Я дал знак прибывшим по моему звонку оперативникам, и те отвели под белы ручки Олега в полицейскую машину. В участке я еще побеседую с ним отдельно. Может, что интересного вспомнит, но видно, что не он был мозгом всей хитроумной операции, а Юлька Зинина. Вот только неужели она сейчас дурочку валяет и прикидывается сумасшедшей, чтобы не попасть на скамью подсудимых.
Неужели она такая гениальная актриса, что смогла обмануть и всех собравшихся в ресторане, и врачей из «Скорой», или у нее на нервной почве шарики за ролики заехали? К кому же такому невидимому она все время обращалась — обо всем этом думал я, собираясь поехать в участок. Мне там предстояло забрать некие документы, подписать бумаги для заключения под стражу Олега Звягина, и нужно было еще спешить на встречу к матери погибшей Светланы Федоркиной.
* * *
Элитный дом на Спиридоновке в двух шагах от Садового кольца встретил меня зрачком видеокамеры на подъезде, грозным окриком суровой консьержки и дорогой дверью мореного дуба на третьем этаже.
Дверь мне открыла сама мать Светы Федоркиной — Элеонора Павловна. Если бы я не знал, что этой женщине хорошо за сорок, то в жизни бы не поверил, что эта стройная миловидная блондинка может быть матерью двадцатисемилетней дочери.
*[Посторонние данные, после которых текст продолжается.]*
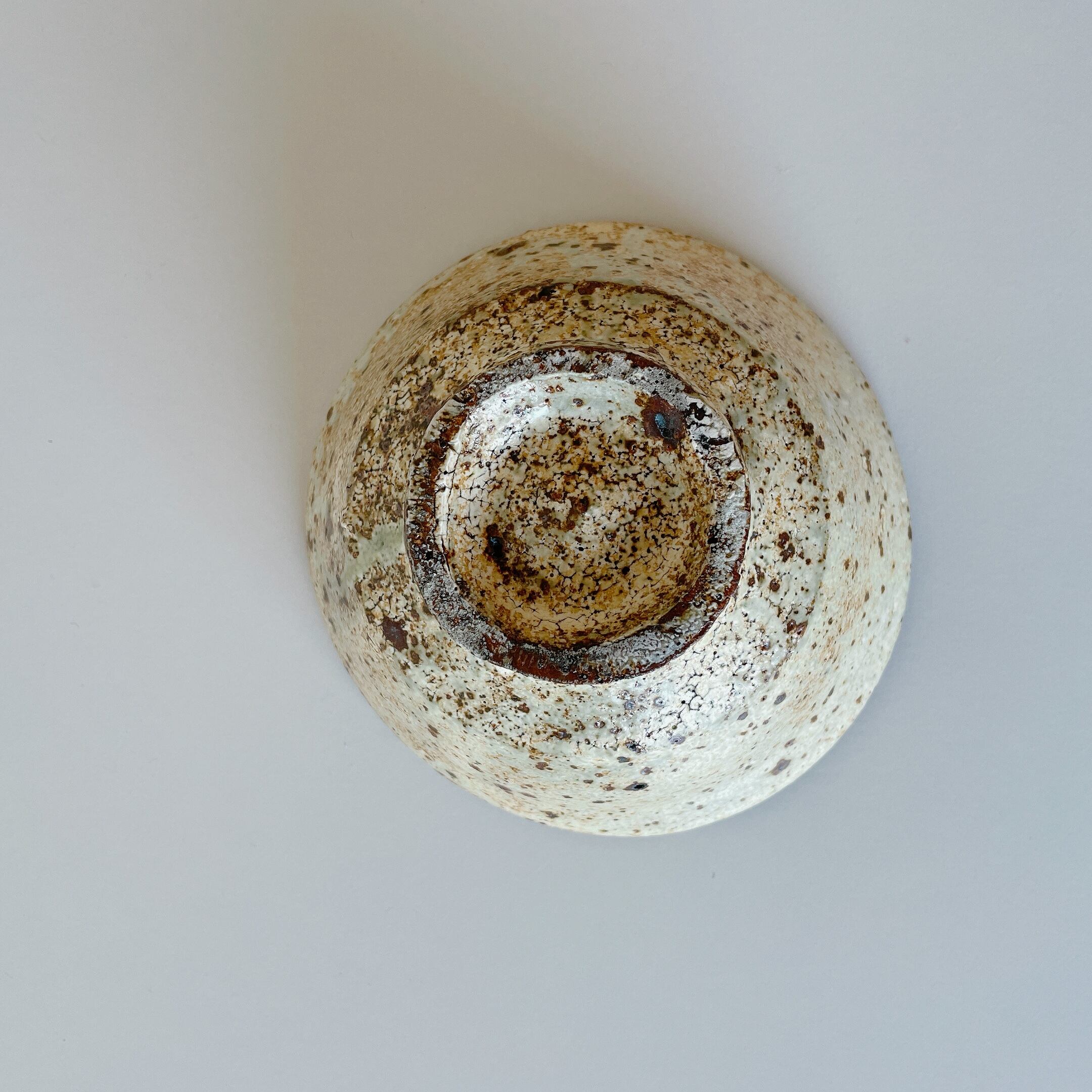 気の利いた小さめのどんぶり。グリーンの釉薬と土の特性から出来た斑点がいろんな食べものを受け止めてくれます。上部が広がっているので、盛り映えします。
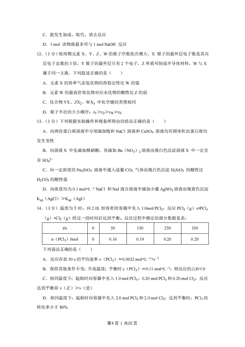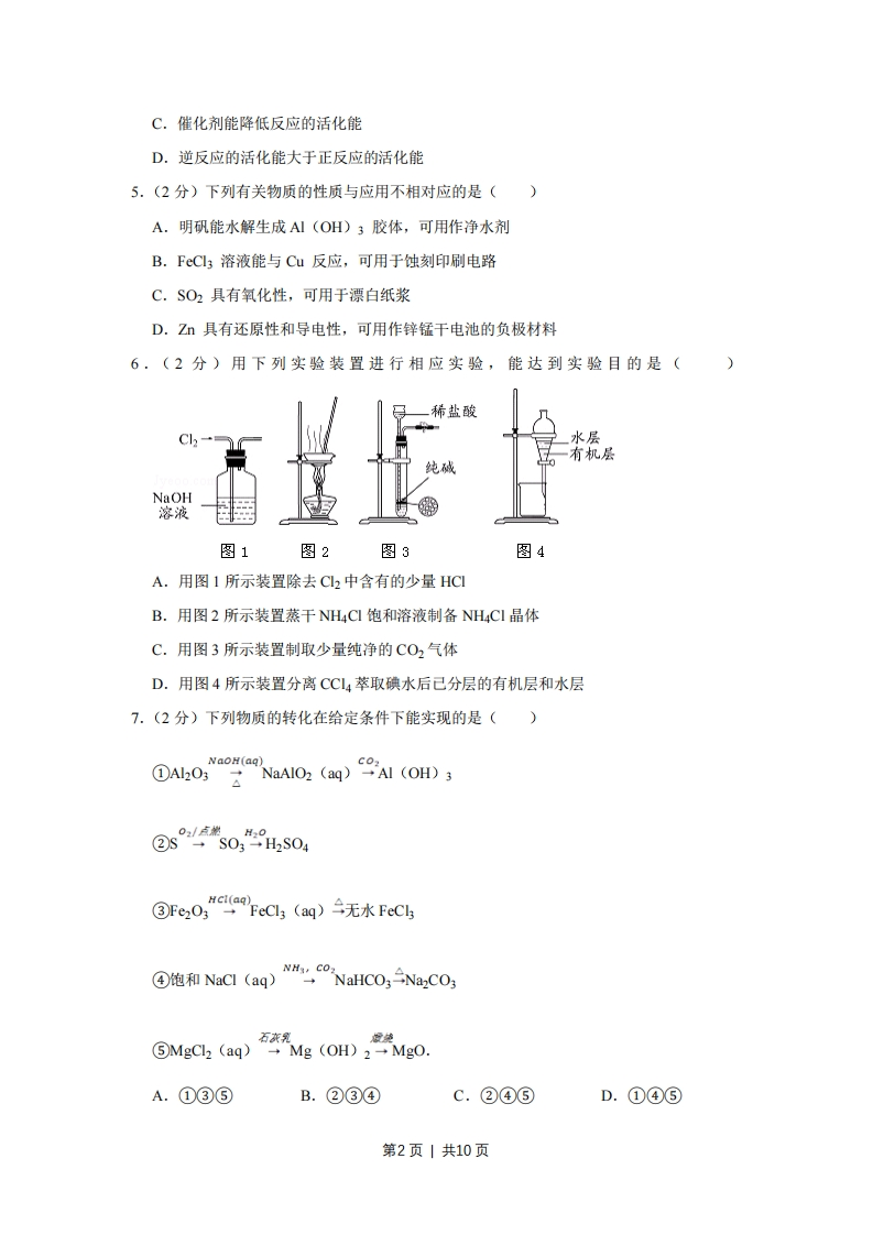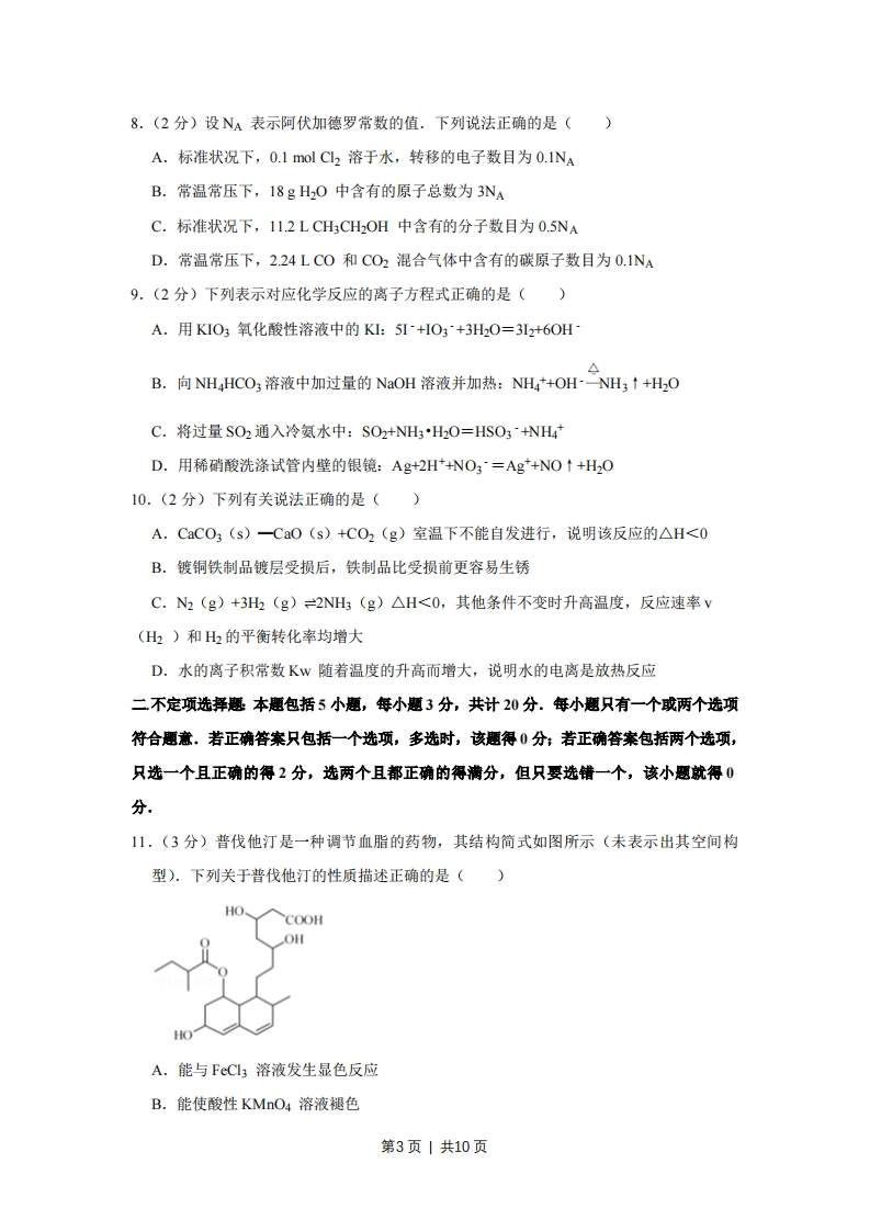2012年江苏省高考化学试卷一单项选释题:本题包括10小题,每小题2分,共计20分.每小题只有一个选项符合题意.1.(2分)化学在资源利用、环境保护等与社会可持续发展密切相关的领域发挥着积极作用.下列做法与社会可持续发展理念相违背的是()A.改进汽车尾气净化技术,减少大气污染物的排放B.开发利用可再生能源,减少化石燃料的使用C.研发可降解高分子材料,减少“白色污染”D.过度开采矿物资源,促进地方经济发展2.(2分)下列有关化学用语表示正确的是()A.乙酸的结构简式:C2H4O2B.F的结构示意图:C.中子数为20的氯原子:2017CH:N:HD.NH3的电子式:i3.(2分)常温下,下列各组离子在指定溶液中一定能大量共存的是()A.0.1 mol'L-INaOH溶液:K+、Na+、S042、C032B.0.1 mol'L-INa2CO3溶液:K+、Ba2+、NO3、ClC.0.ImolL-FeCla3溶液:K+、NH、、SCND.c(H)e(OH)=1×1014的溶液:Ca2+、Na、CIO、NO34.(2分)某反应的反应过程中能量变化如图所示(图中E表示正反应的活化能,E2表示逆反应的活化能).下列有关叙述正确的是()无催化剂有催化剂、△HI生成物反应物反应过程A.该反应为吸热反应B.催化剂能改变反应的焓变第1页1共10页C.催化剂能降低反应的活化能D.逆反应的活化能大于正反应的活化能5.(2分)下列有关物质的性质与应用不相对应的是()A.明矾能水解生成A!(OH)3胶体,可用作净水剂B.FeCl3溶液能与Cu反应,可用于蚀刻印刷电路C.SO2具有氧化性,可用于漂白纸浆D.Z具有还原性和导电性,可用作锌锰干电池的负极材料6·(2分)用下列实验装置进行相应实验,能达到实验目的是()希盐酸水层有机层NaOH溶液图1图2图3图4A.用图1所示装置除去C2中含有的少量HCIB.用图2所示装置蒸干NH4CI饱和溶液制备NH4CI晶体C.用图3所示装置制取少量纯净的CO2气体D.用图4所示装置分离CC14萃取碘水后己分层的有机层和水层7.(2分)下列物质的转化在给定条件下能实现的是()NaoH(aq)①Al2O3子NaAIO2(aq)Al(OH)3C02@ss0,9H,s04③Fe,0,"caFC,(aq)无水FeC④饱和NaC(aq)W,NaHC0,NaC0,石灰乳⑤MgCl2(aq)Mg(OH)2→Mg0.A.①③⑤B.②③④C.②④⑤D.①④⑤第2页1共10页8.(2分)设NA表示阿伏加德罗常数的值.下列说法正确的是()A.标准状况下,0.1molC2溶于水,转移的电子数目为0.1NAB.常温常压下,18gH2O中含有的原子总数为3NAC.标准状况下,11.2 L CH3CH2OH中含有的分子数目为0.5NAD.常温常压下,2.24LC0和CO2混合气体中含有的碳原子数目为0.1NA9.(2分)下列表示对应化学反应的离子方程式正确的是()A.用KIO3氧化酸性溶液中的KI:51~+IO3+3H0=3引2+6OH-B.向NH4HCO3溶液中加过量的NaOH溶液并加热:NH4+OH-NH3↑+H2OC.将过量SO2通入冷氨水中:SO2+NH3H2O=HSO3~+NH4D.用稀硝酸洗涤试管内壁的银镜:Ag+2H+NO3ˉ=Ag+NO↑+H2O10.(2分)下列有关说法正确的是()A.CaCO3(s)一CaO(s)+CO2(g)室温下不能自发进行,说明该反应的△H<0B.镀铜铁制品镀层受损后,铁制品比受损前更容易生锈C.N2(g)+3H2(g)=2NH(g)△H<0,其他条件不变时升高温度,反应速率V(H2)和H2的平衡转化率均增大D.水的离子积常数Kw随着温度的升高而增大,说明水的电离是放热反应二不定项选择题本题包括5小题,每小题3分,共计20分。每小题只有一个或两个选项符合题意,若正确答案只包括一个选项,多选时,该题得0分;若正确答案包括两个选项,只选一个且正确的得2分,选两个且都正确的得满分,但只要选错一个,该小题就得0分.11.(3分)普伐他汀是一种调节血脂的药物,其结构简式如图所示(未表示出其空间构型).下列关于普伐他汀的性质描述正确的是()HOCOOHOHHOA.能与FeCl3溶液发生显色反应B.能使酸性KMnO4溶液褪色第3页|共10页

Выглядела Элеонора на все двести процентов. Подтянутая фигура была обтянута изысканным платьем изумрудно-зеленого оттенка, безумно подходящей к ярко-зеленым глазам красавицы. Капризно очерченный рот и искусно уложенные в дорогом салоне красоты длинные пепельные локоны, она сама казалась вчерашней школьницей и выглядела максимум лет на тридцать.
Вот, оказывается, во что нужно вкладывать деньги на старости лет — в собственную внешность и красоту.